The daridorexant clinical development program

The Phase 3 registration program comprised two three-month studies, together with a long-term double-blind extension study. The program enrolled a total of 1,854 patients with insomnia disorder. As insomnia often presents later in life, and older adults are more susceptible to experience fragmented sleep, early awakening and daytime sleepiness, around 40% of the recruited population was at least 65 years of age.

The placebo-controlled studies investigated the effects of three doses of daridorexant (10 mg, 25 mg, and 50 mg) on sleep and daytime functioning parameters, objectively in a sleep lab by polysomnography and subjectively with a daily patient diary at home. The impact of insomnia on patients’ daytime functioning was measured daily using the sleepiness domain score from the Insomnia Daytime Symptoms and Impacts Questionnaire (IDSIQ©) – a patient-reported outcome (PRO) instrument developed and validated according to the FDA Guidance for Industry.
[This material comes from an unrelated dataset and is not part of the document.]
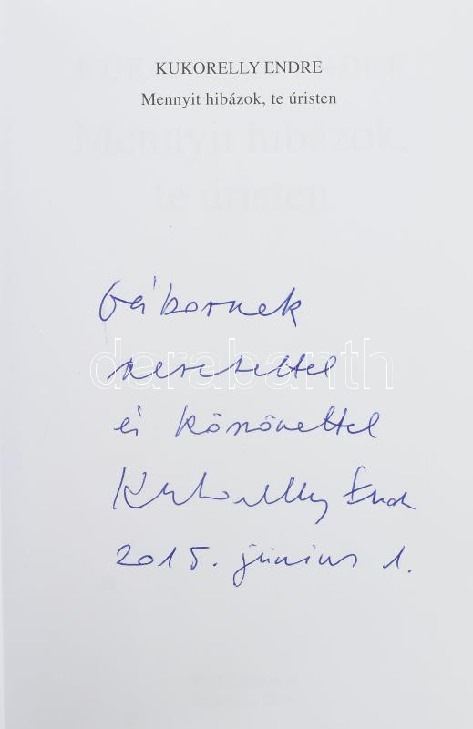 Kukorelly Endre: Mennyit hibázok, te úristen. DEDIKÁLT! Pozsony, 2010.... https://www.darabanth.com/hu/478-Gyorsarveres/478.0/Konyvek/Konyvek-Egyeb-ritkasagok~298/Kukorelly-Endre-Mennyit-hibazok-te-uristen-DEDIKALT-Pozsony-2010-Kalligram-Kiadoi~II3239765

More than 800 patients continued treatment in the 40-week extension study, which measured the effect of all three doses vs. placebo, generating data for long-term treatment of insomnia disorder.
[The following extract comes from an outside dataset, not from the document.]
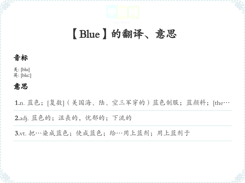 - 字面意思:Blue是一个形容词,通常表示颜色蓝色。字面上它指的是天空或海洋的颜色,通常与平静、冰冷或忧郁的情感联系在一起。

Phase 3 data has been reported in The Lancet Neurology: The pivotal studies demonstrated that daridorexant 50 mg significantly improved sleep onset, sleep maintenance and self-reported total sleep time at months one and three compared to placebo. The largest effect was observed with the highest dose (50 mg), followed by 25 mg, while the 10 mg dose did not have a significant effect. In all treatment groups the proportions of sleep stages were preserved, in contrast to findings reported with benzodiazepine receptor agonists.

A major focus of the trials was to evaluate the impact of daridorexant on daytime functioning in patients with insomnia disorder, as assessed by the IDSIQ. IDSIQ is a patient-reported outcomes instrument specifically developed and validated according to FDA guidelines, to measure daytime functioning in patients with insomnia. The sleepiness domain score of the IDSIQ was evaluated as a key secondary endpoint in both pivotal studies and comparisons to placebo included type I error control for multiplicity. Daridorexant 50 mg demonstrated highly statistically significant improvement in daytime sleepiness at month one and month three. The sleepiness domain score was not significantly improved on 25 mg in either study at either timepoint.

The overall incidence of adverse events was comparable between treatment groups. The most frequently reported adverse reactions were headache and somnolence and, overall, the majority of adverse reactions were mild to moderate in intensity. There was no evidence of dose-dependent increases in adverse events across the dosing range. Further, no dependence, rebound insomnia or evidence of abuse or withdrawal symptoms indicative of physical dependence upon treatment discontinuation was observed in clinical studies.